Somm Like It Hot
Disarming, laid back and just 31 years old, Jon Arvid Rosengren might not be who you picture when you hear the title "best sommelier in the world." But just a few minutes of talking to him will wash away all of your preconceived notions about the masters of the wine world, and you'll never want to look back.
Over coffee at Charlie Bird, the New York City restaurant where he works, Arvid, as he's known, tells me about his most recent accolade, the World's Best Sommelier for 2016, which he earned just last week.
Held every three years by the International Sommelier Association (or ASI, for Association de la Sommellerie Internationale), the competition for the World's Best Sommelier is predictably grueling. This year, 60 sommeliers from around the world competed over the course of three trying days. Speaking about it after only a week of recovery, Arvid is as excited to describe the details as he is nonchalant about the whole thing—a combination of relief and adrenaline from the three-day competition still visibly present.
"This is something you only do once," he explains. "You can compete more than once, but once you win, you don't try again. It's such a commitment of time and effort."
Arvid has been competing in sommelier contests for almost seven years, he tells me. The first competition he entered was in his native Sweden, and in 2013, he won both the Best Sommelier of Europe and competed in the Best Sommelier of the World, which was held in Tokyo.
After years of training for these kinds of competitions, he knew what to look out for and how to study for this year's exam, he explains. Preparing for the contest, which was held in Mendoza, Argentina, Arvid would wake up every morning and study for at least an hour with a series of flash cards. He also carved out time over the last six months to try to meditate and exercise daily. Finally, he trained by reading extensively for the theoretical portion of the test.

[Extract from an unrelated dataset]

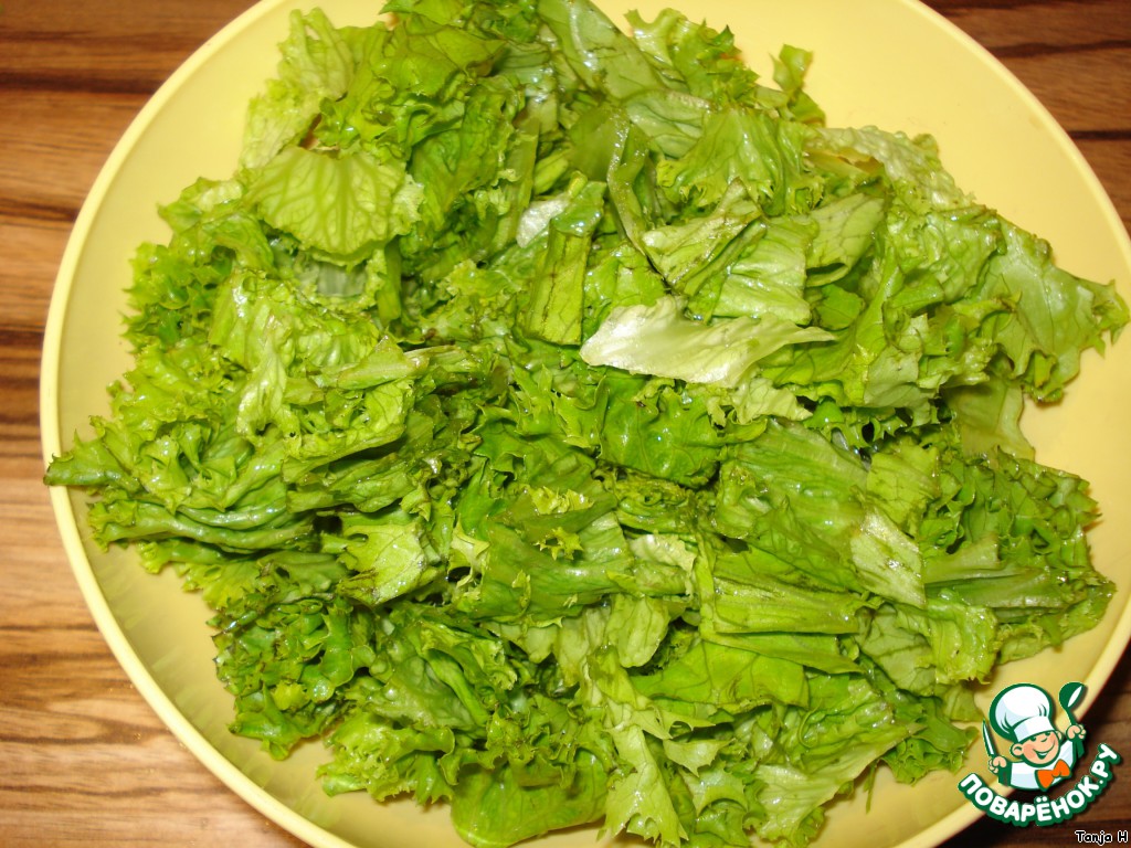 Приготовить наши продукты, помыть, почистить, салат высушить с помощью кухонных салфеток или полотенца.
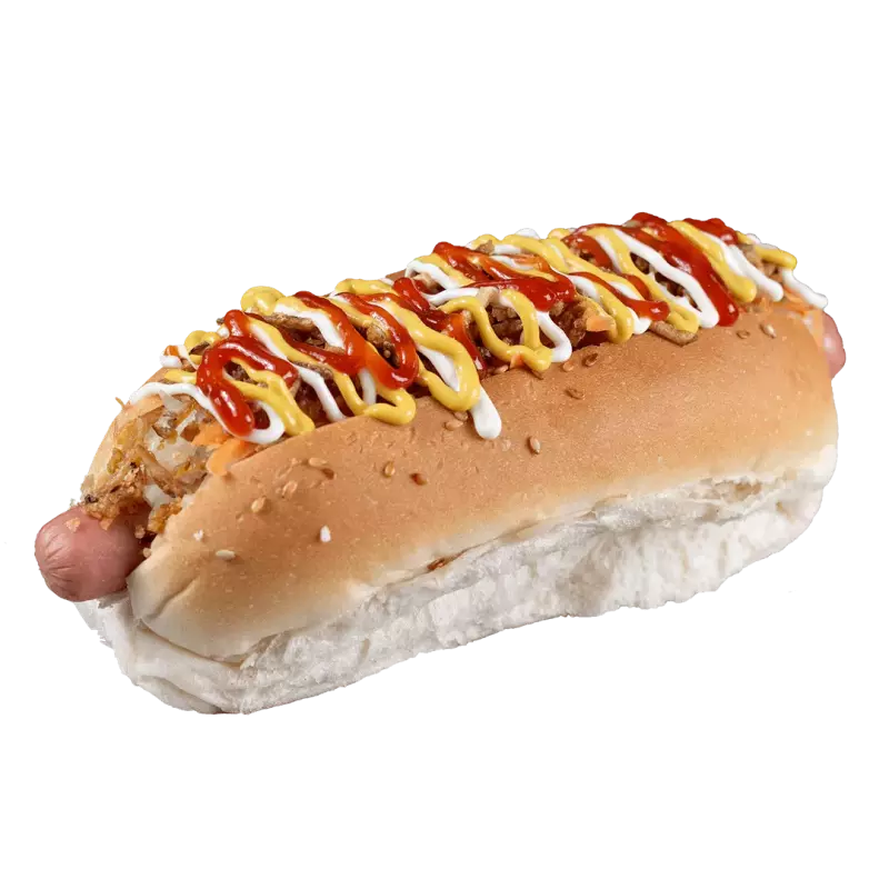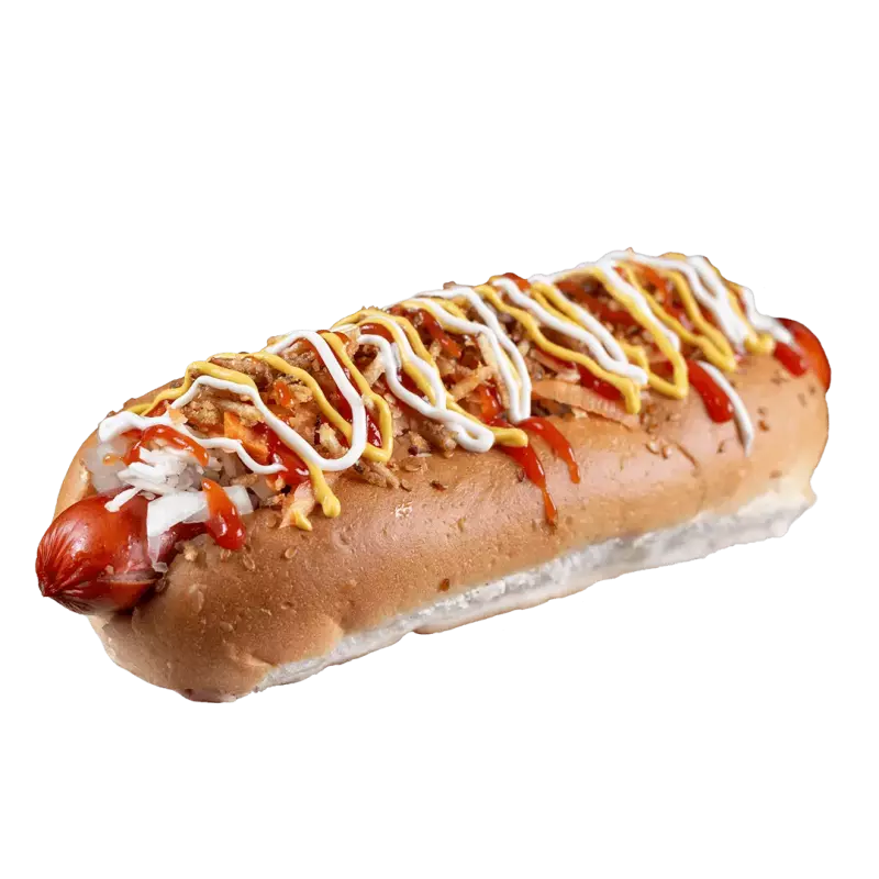 Hot dog clásico grande con salchicha Tovar, zanahoria, repollo, cebolla, mayonesa, ketchup y mostaza.

"I've spent a lot of time extracting information," he says, "so I think I gamed the system in a good way in terms of the theory." To go far in these kinds of competitions, he says, contestants must have a strong grasp on wine theory. Arvid credits his university education in nanotechnology in Sweden, before he left to pursue wine professionally, for teaching him how to study.
Each day of the competition consists of a written theoretical exam with a wide range of questions, from identifying geographical regions to obscure grapes. Though the focus is of course on wine, the test includes questions on beer, spirits and cigars—"everything that's related to classic French service," Arvid explains.
This year, the exams focused more on "useful questions," Arvid says, as opposed to the more esoteric questions of years past. After the written exam each day came a blind tasting, followed by a service scenario that required the somms to act out different situations. One day it was serving customers Champagne, but the glasses were dirty, so not only did they have to determine the right kind of bubbly to serve, they also had to be mindful of all aspects of the service.
Arvid appreciates this year's focus on experience. "It wasn't as classic, and they focused on speaking," he explains. "This is probably the first time someone's won an award like this from a restaurant like this." Pointing to his casual clothes, he says, "This is what I wear to work."
Proselytizing the recent groundswell away from fine dining, Arvid says, "Causal elements don't diminish the level of service. You can have great food, great wine and great service without white tablecloths and penguin suits." Charlie Bird is a case in point; it seems the wine world is starting to catch on.
The competition being in Argentina, Arvid celebrated his award by eating empanadas and drinking pisco sours until four in the morning with a group of friends who went down there with him. Two days later, he was back to work.